In fact, if you asked Ms. Korsmo for clarification as to what is meant by “illicit products and illegal, unlicensed, and untraceable sales and shipments from unknown locations to consumers.” she won’t point you to the “moonshiner” in the hills pumping out pure grain alcohol. Nor is she urging governors to prevent unlicensed individuals from setting up as illegal alcohol vendors. No. Ms. Korsmo is seeking to prevent the entirely safe practice of interstate alcohol shipments from licensed retailers; of consumers finding the products they want online and having them shipped to them via common carrier from outside the state where they reside.
For years, even decades, middleman wine wholesalers pleaded with states, lawmakers and courts to prevent consumers from buying wine directly from wineries and having it shipped to their homes, claiming it would destroy the carefully balanced alcohol distribution system, while not mentioning the fact that this now common practice only hurt the wholesalers’ bottom line. They lost that argument in the court of public opinion and in the courts of law. Now Ms. Korsmo and the wholesalers she represents are working to shut down wine shipments from out-of-state retailers by using the fearmongering and the current health crisis to advance the middlemen’s financial interests. It’s cringeworthy.
American wine wholesalers, who occupy a privileged place in the middle of the so-called “Three Tier System”, have never been known for making the principled argument for the maintenance of their privilege. But no one expected them to so blatantly use one of the most severe health crises in U.S. history to advance their protectionist, anti-consumer agenda of requiring wine drinkers to only have access to products wholesalers distribute in the state where consumers reside.
Ms. Korsmo ends her self-serving missive disguised as “advice” to America’s governors this way:
“WSWA is ready to offer more extensive guidance, if desired, regarding practices that will ensure market needs are met, jobs are secure, and black market / unlicensed liquor sales are not given an avenue to thrive.”
Every piece of “guidance” the WSWA has offered over the past 25 years when it comes to consumer rights and consumer access to products has called for fewer rights for consumers, less access to products by consumers, and trapping wine retailers in a middleman-controlled, analog world as everything around them migrates to a digital existence.

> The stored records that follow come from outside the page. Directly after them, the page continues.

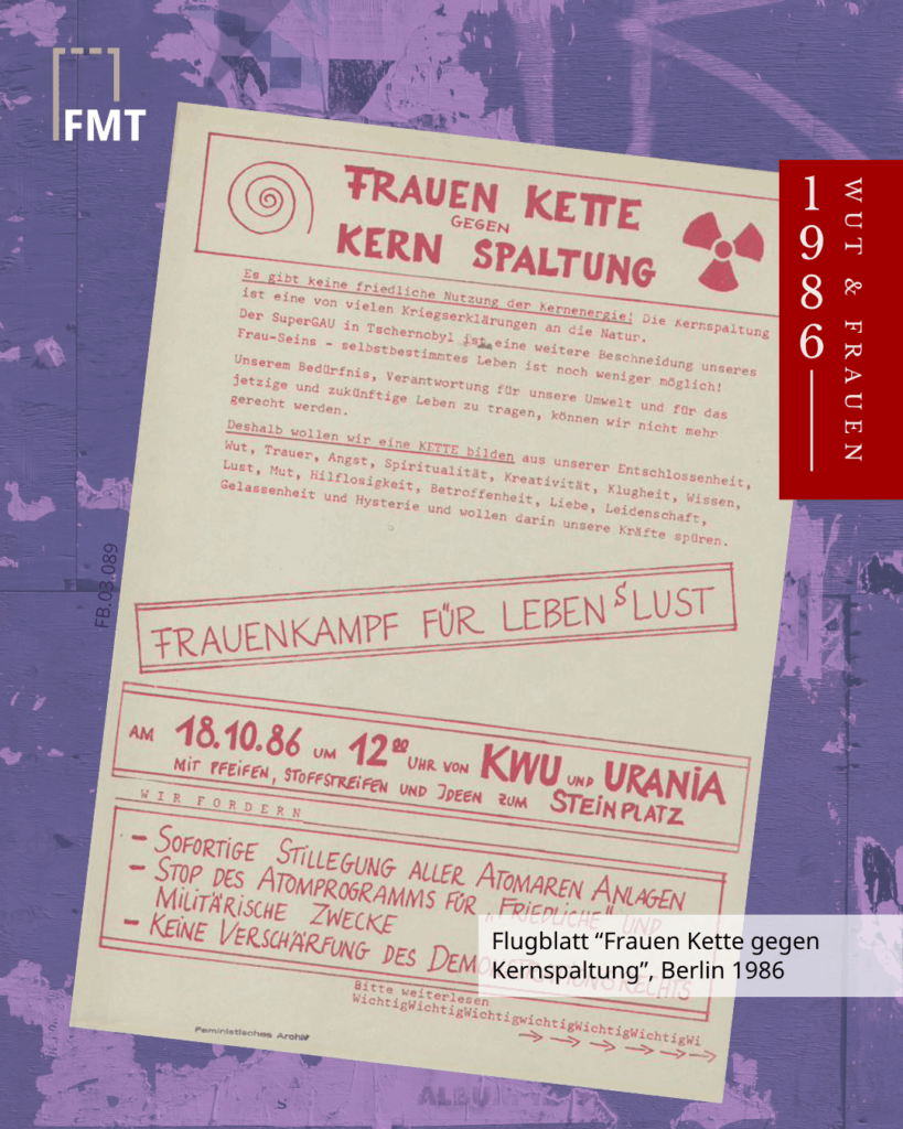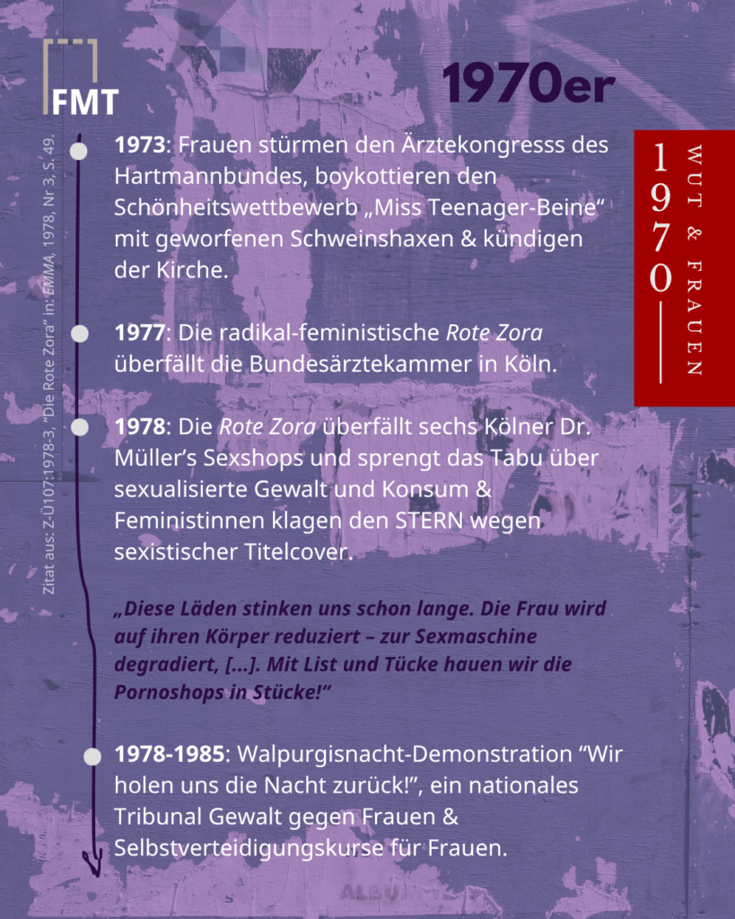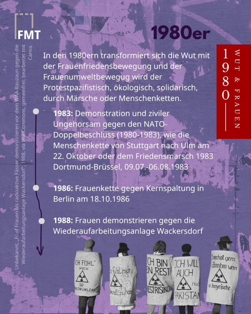 Ende der 1970er schließlich richtet sich die Wut gezielt gegen sexualisierte Gewalt und frauenverachtenden Konsum: z.B. attackieren Frauen der „Roten Zora“ in Köln Sexshops der Kette „Dr. Müller“, die mit Gewaltfantasien und Erniedrigung von Frauen Profit machen. In den 1980ern transformiert sich die Wut: Märsche, Aktionen und Menschenketten der Frauenfriedensbewegung und der Frauenökologiebewegung – Wut wird pazifistisch, ökologisch, solidarisch. 🕊️🌍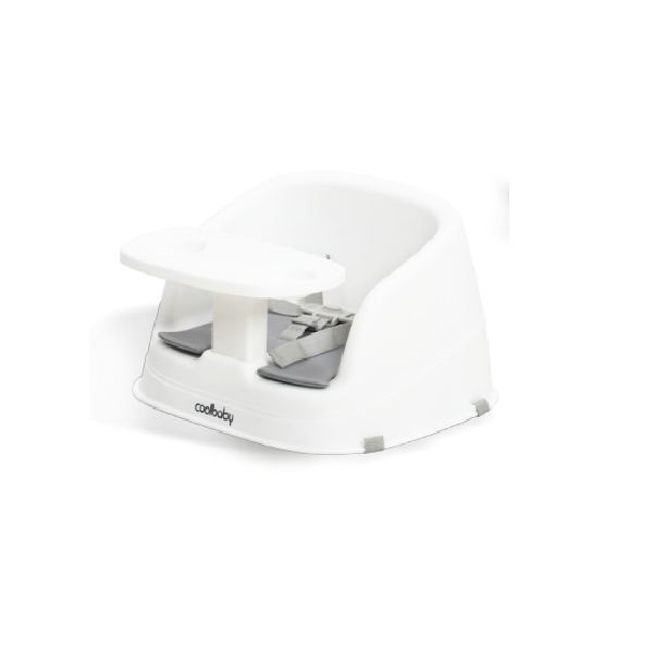 Safe infant seat with harness for babies sitting up. Removable BPA-free tray stores under the seat.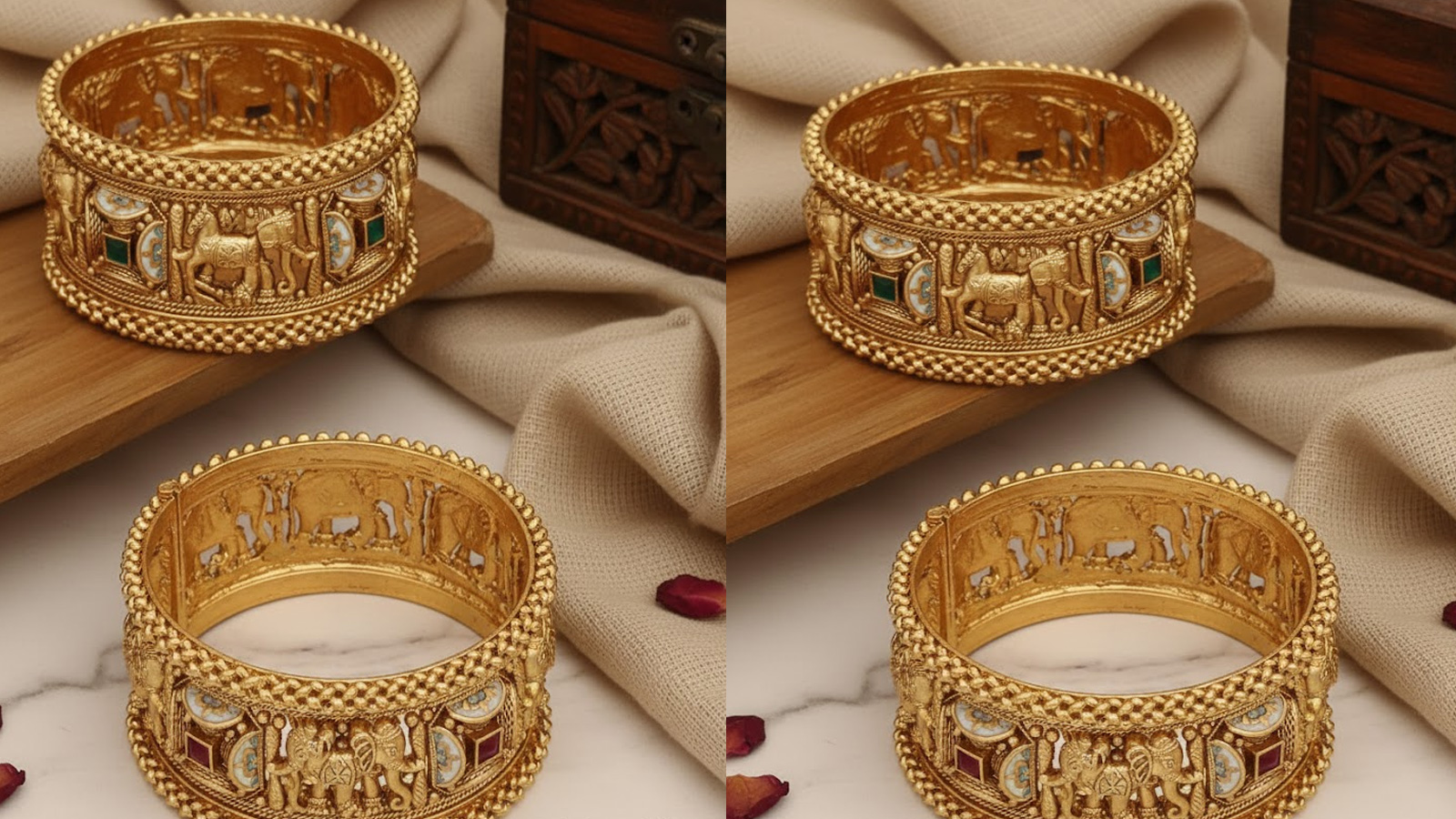 गोल्ड प्लेटेड कंगन आपकी खूबसूरती में खानदानी रुआब जोड़ देते हैं। शादी से लेकर रोज़मर्रा के लुक तक, टेंपल, स्टोन-स्टडेड, कटवर्क और हेवी पोलिश्ड जैसे 4 डिज़ाइंस हर आउटफिट को रॉयल और स्टाइलिश बना देते हैं।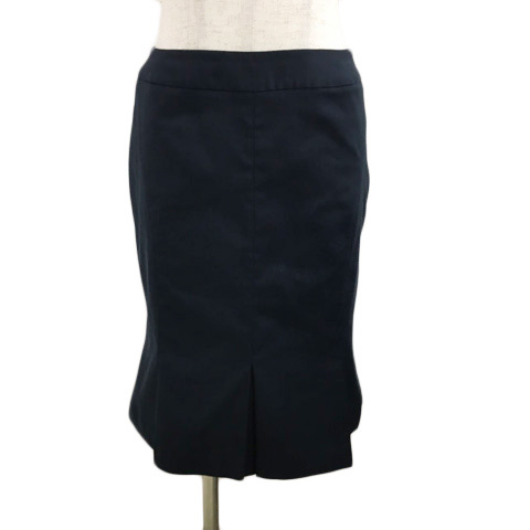 エムエフエディトリアル m.f.editorial スカート フレア プリーツ 膝丈 リネン混 無地 S 紺 ネイビー レディース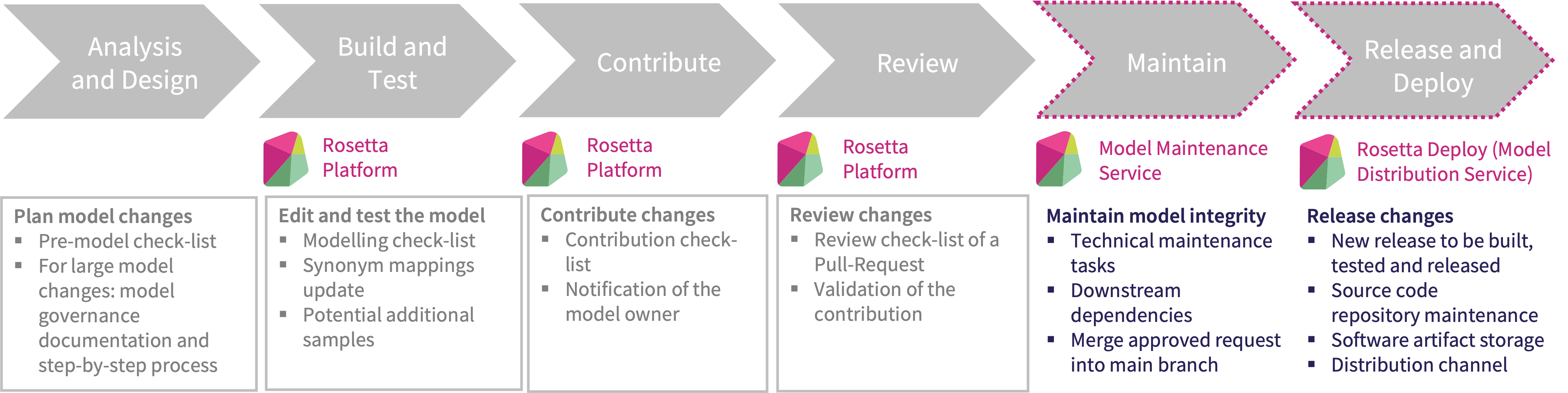 The steps required to change the CDM are aligned with the software development lifecycle typically applicable to the development of any other software. This development lifecycle is illustrated in the diagram below. Each step is associated to the relevant component of the Rosetta platform that can be used to support the development of the CDM.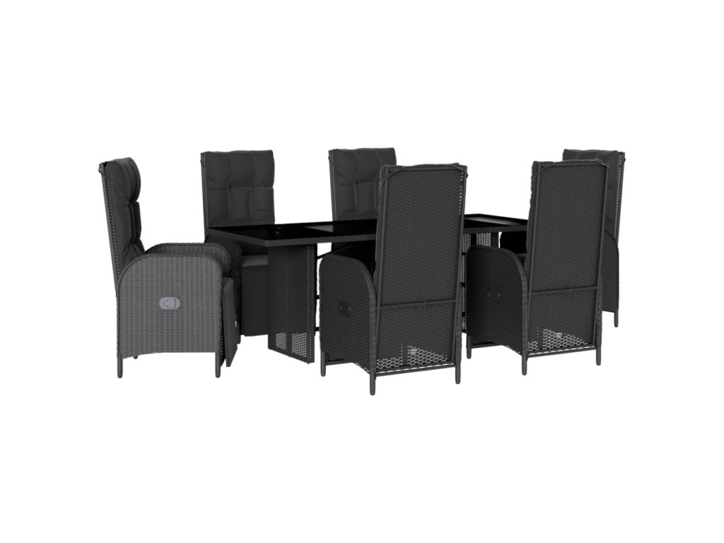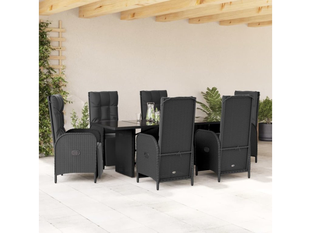 vidaXL 7-dielna záhradná jedálenská súprava a vankúše čierna polyratan

There is no “black market” for wine in the United States and there has not been for over 80 years. There is no current or coming tsunami of unlicensed liquor sales occurring in the United States. The emergence of the COVID-19 Virus and the contraction of social interaction will not provide these non-existent things an “avenue to thrive”.
The wine and spirit wholesalers in America along with Ms. Korsmo should call for policy changes that will benefit real people and real businesses, rather than fearmongering in order to pad their bottom line and protect them from having to compete in a modern economy.
Today, every single state in the Union ought to be enabling consumers and help them to stay safe by passing legislation to allow the receipt of wine shipments from both in-state and out-of-state wine retailers and wineries in a well-regulated way. Every state should allow curbside pickup. Such policies should be obvious to anyone who is concerned not with the protection from competition that wine wholesalers demand, but rather with the health of the American economy and American consumer.
The National Association of Wine Retailers is urging American wine and spirit wholesalers and their representatives to muster the strength to not use the current crisis to pad their bottom line at the expense of health, safety, and American consumers.